Les personnes atteintes d’arthrite rhumatoïde sont à risque élevé de développer des hématopathies malignes, spécifiquement des lymphomes. Plusieurs mécanismes ont été postulés, notamment des dérangements dans la sélection clonale des lymphocytes B, dans

l’immunosurveillance suite à des facultés affaiblies des lymphocytes T régulateurs, ainsi qu’au malfonctionnement des cellules NK. Les personnes atteintes de syndrome de Sjögren secondaire à l’arthrite rhumatoïde sont à risque accru de développer des lymphomes non- hodgkiniens. Les mécanismes menant à cette association ont trait à la surstimulation chronique des lymphocytes B, menant à l’augmentation de la fréquence des mutations oncogènes et ainsi à un malfonctionnement des checkpoints de l’activation des lymphocytes B, menant éventuellement à la transformation en une lignée maligne.

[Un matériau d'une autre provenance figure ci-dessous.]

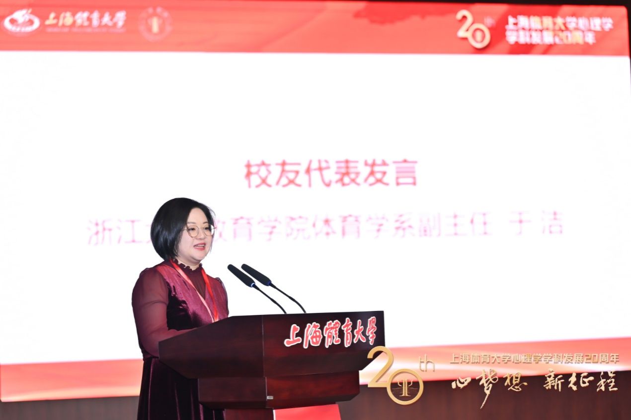 浙江大学教育学院体育学系副主任于洁作为校友代表发言。于洁回顾了自己作为心理学专业首批学生的经历,对这一学科从无到有并迅速取得卓越发展的成就表示赞叹。同时,老师们辛勤付出和无私奉献的深深感激之情,以及对母校培养之恩的由衷感谢。她还特别强调了心理学与体育学交叉融合所带来的独特魅力,并对心理学院的未来充满期待。她坚信,学院将继续致力于培养具备国际视野、创新精神以及强烈社会责任感的复合型人才。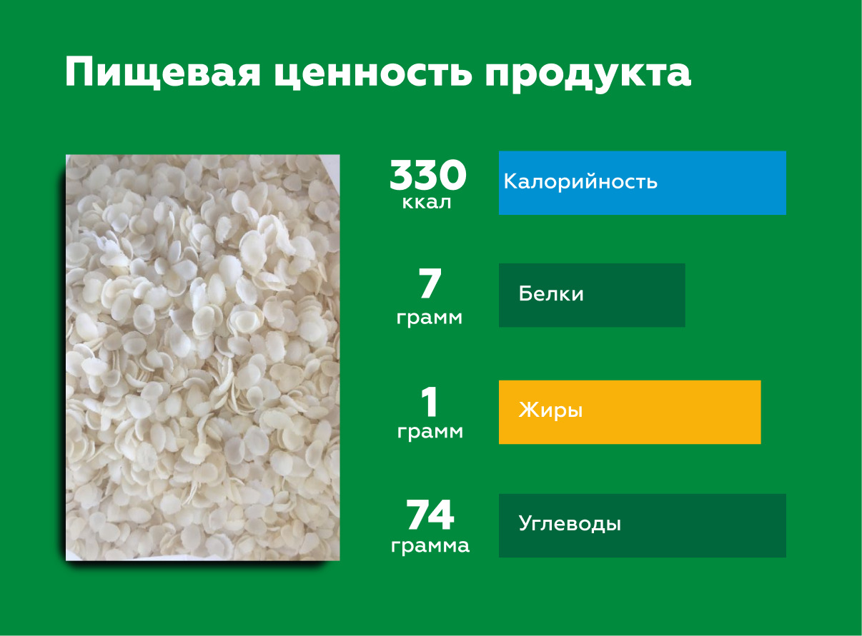 Описание: Рисовые хлопья – это прекрасная идея для вкусного и сытного завтрака. Хлопья сохраняют в себе все полезные свойства отборного риса, способствуют прекрасному обмену веществ, улучшают работу печени и повышают иммунитет. Рисовые хлопья торговой марки «СТЕПЬ» являются источником витаминов группы B, PP, E, A, а также сбалансированным диетическим продуктом.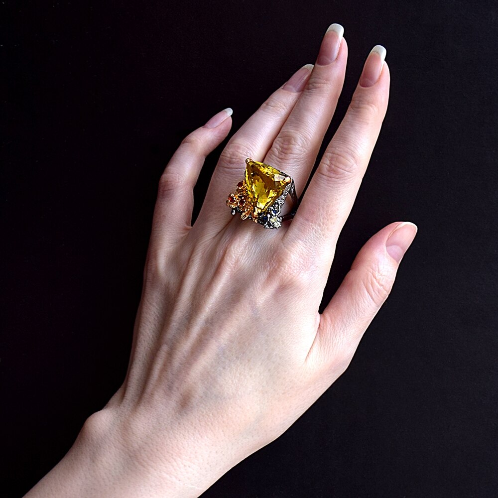 DreamCarnival 1989 Chic Fashion Jewelry Ring Big Golden Triangle Zircon Red Flowers Wedding Rings Drop Shipping Hot Pick WA11658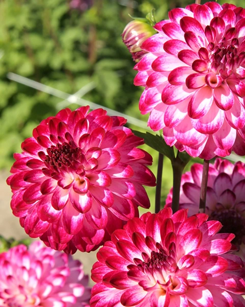Помпонный сорт георгина с изящными миниатюрными соцветиями насыщенного розово-малинового оттенка. Идеально сформированные шаровидные цветки состоят из плотно уложенных лепестков, образующих аккуратную сферу. Яркая окраска эффектно контрастирует с густой тёмно-зелёной листвой. Куст компактный, с прочными цветоносами, устойчивый к непогоде.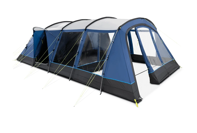 At the rear you’ll find the large bedrooms, in a 2+2+2 configuration and in front of these is a large living area with a fully sewn-in groundsheet keeping the weather and bugs at bay. The front of the tent offers a truly flexible space, it can be incorporated into the main living area to give an exceptionally large interior area or it can be divided off to create another room. Rolling back the front panel makes a large sun canopy. It is also a great area for kicking off your shoes before entering the main living area.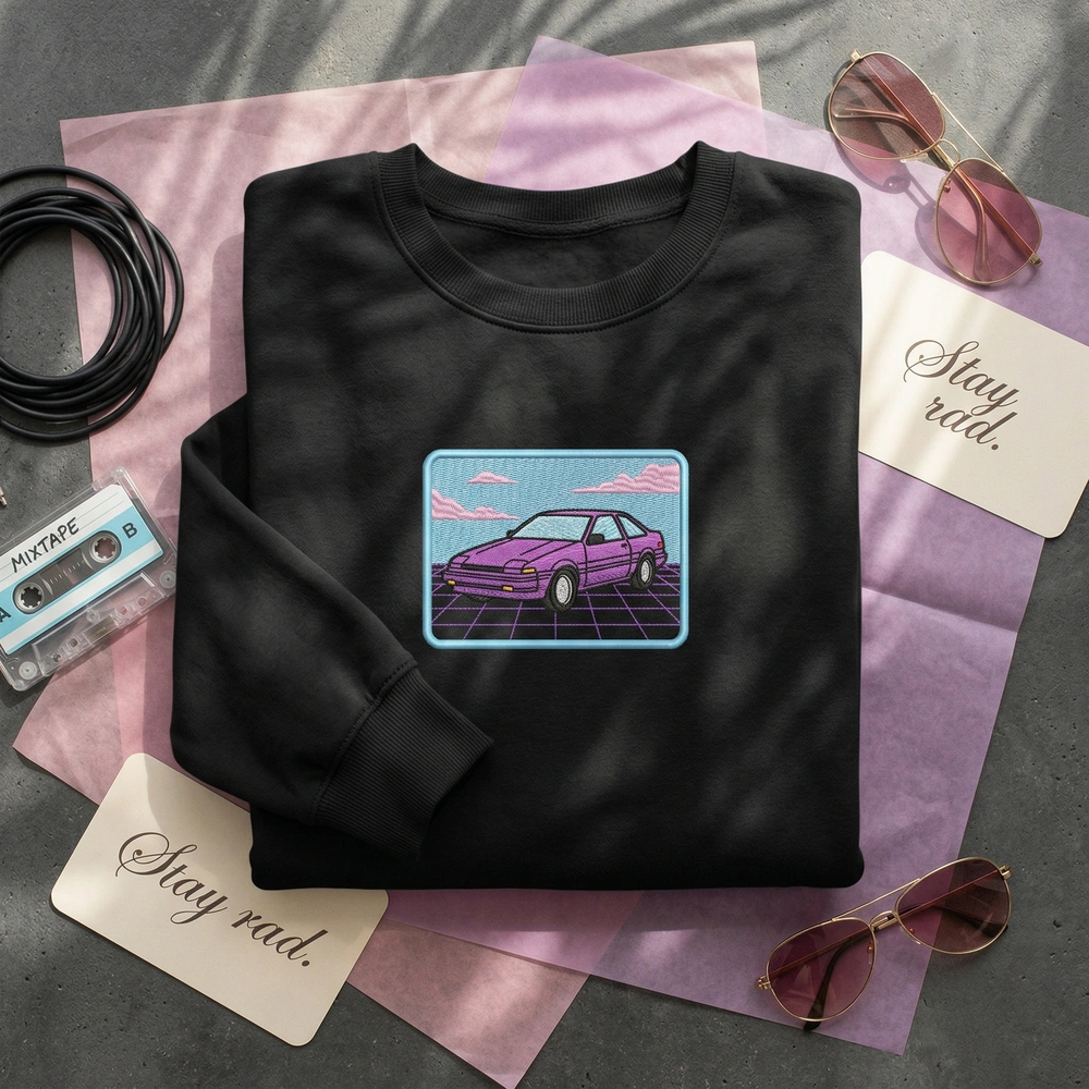 The Synthwave Car Embroidered Sweatshirt is a premium machine-embroidered top featuring a detailed 80s boxy coupe set against a vibrant outrun neon horizon.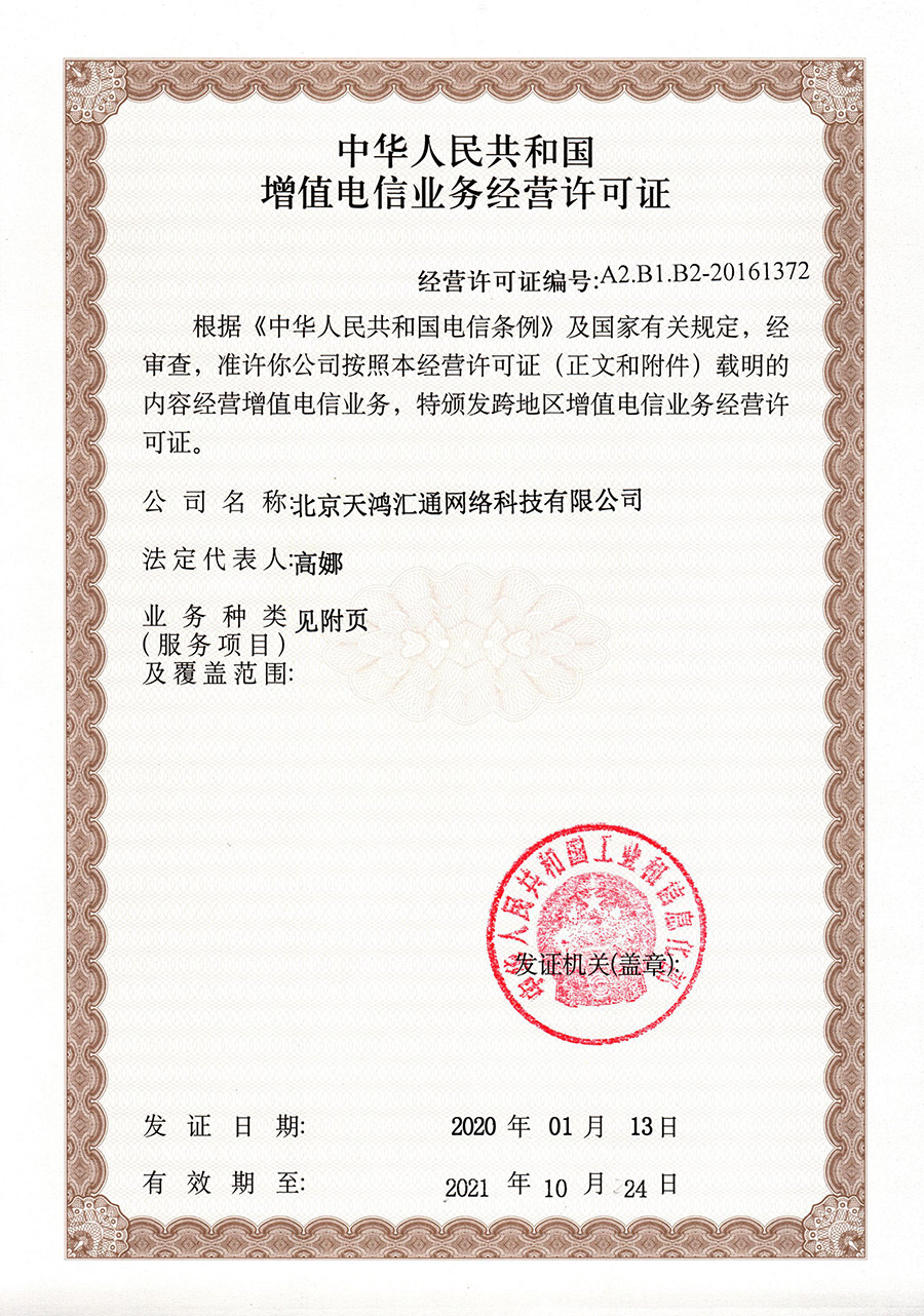 增值電(diàn)信業(yè)務許可(kě €♠)證(全國(guó))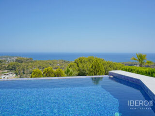 Descubra el máximo lujo en esta impresionante villa, situada en la prestigiosa urbanización La Fustera en Benissa. Disfrute todos los días de impresionantes vistas panorámicas del mar azul, que se extiende desde el Cap d'Or en Moraira hasta más allá del emblemático Peñón de Ifach en Calpe. Esta exclusiva villa se distribuye en dos plantas y ofrece nada menos que 4 espaciosos dormitorios dobles y 4 elegantes cuartos de baño. La planta baja le da la bienvenida con un generoso salón, una preciosa sala de estar y una elegante zona de comedor. La moderna cocina, equipada con una isla y una cómoda despensa, se encuentra junto a estas zonas de estar. Aquí también encontrará dos lujosos dormitorios y dos amplios cuartos de baño. La planta superior alberga otros dos generosos dormitorios, ambos con baño en suite. Una de estas habitaciones tiene incluso su propio vestidor. Ambos dormitorios ofrecen acceso a una terraza privada, ideal para mañanas tranquilas o mágicas noches de verano. Salga y déjese sorprender por la hermosa piscina infinita, donde podrá relajarse y disfrutar de las espectaculares vistas. Además, la villa cuenta con un jacuzzi, una cocina exterior, una terraza cubierta, un cómodo salón, una barbacoa y un espacioso garaje. La ubicación es perfecta: a tan sólo 5 minutos de las preciosas playas de Benissa y a 10 minutos del bullicioso centro de Calpe. No espere más y aproveche esta oportunidad única de convertirse en propietario de esta fantástica villa. Visite hoy mismo la futura casa de sus sueños y experimente el lujo y el confort que esta propiedad le ofrece. Vídeo a petición.

Pour conclure cette section, les personnes atteintes de manifestations extra-articulaires et de complications systémiques de l’arthrite rhumatoïde ont un risque élevé de morbidité et de mortalité prématurées. Il n’existe présentement pas de prédicteurs fiables indépendants pour les manifestations extra-articulaires, et ces dernières indiquent généralement un pronostic négatif. Par contre, nous observons une diminution de la prévalence des manifestations extra- articulaires au fil du temps; le motif temporel de cette réduction suggère que le traitement

disease-modifying de l’arthrite rhumatoïde exerce également une fonction importante sur les

manifestations extra-articulaires et les complications systémiques.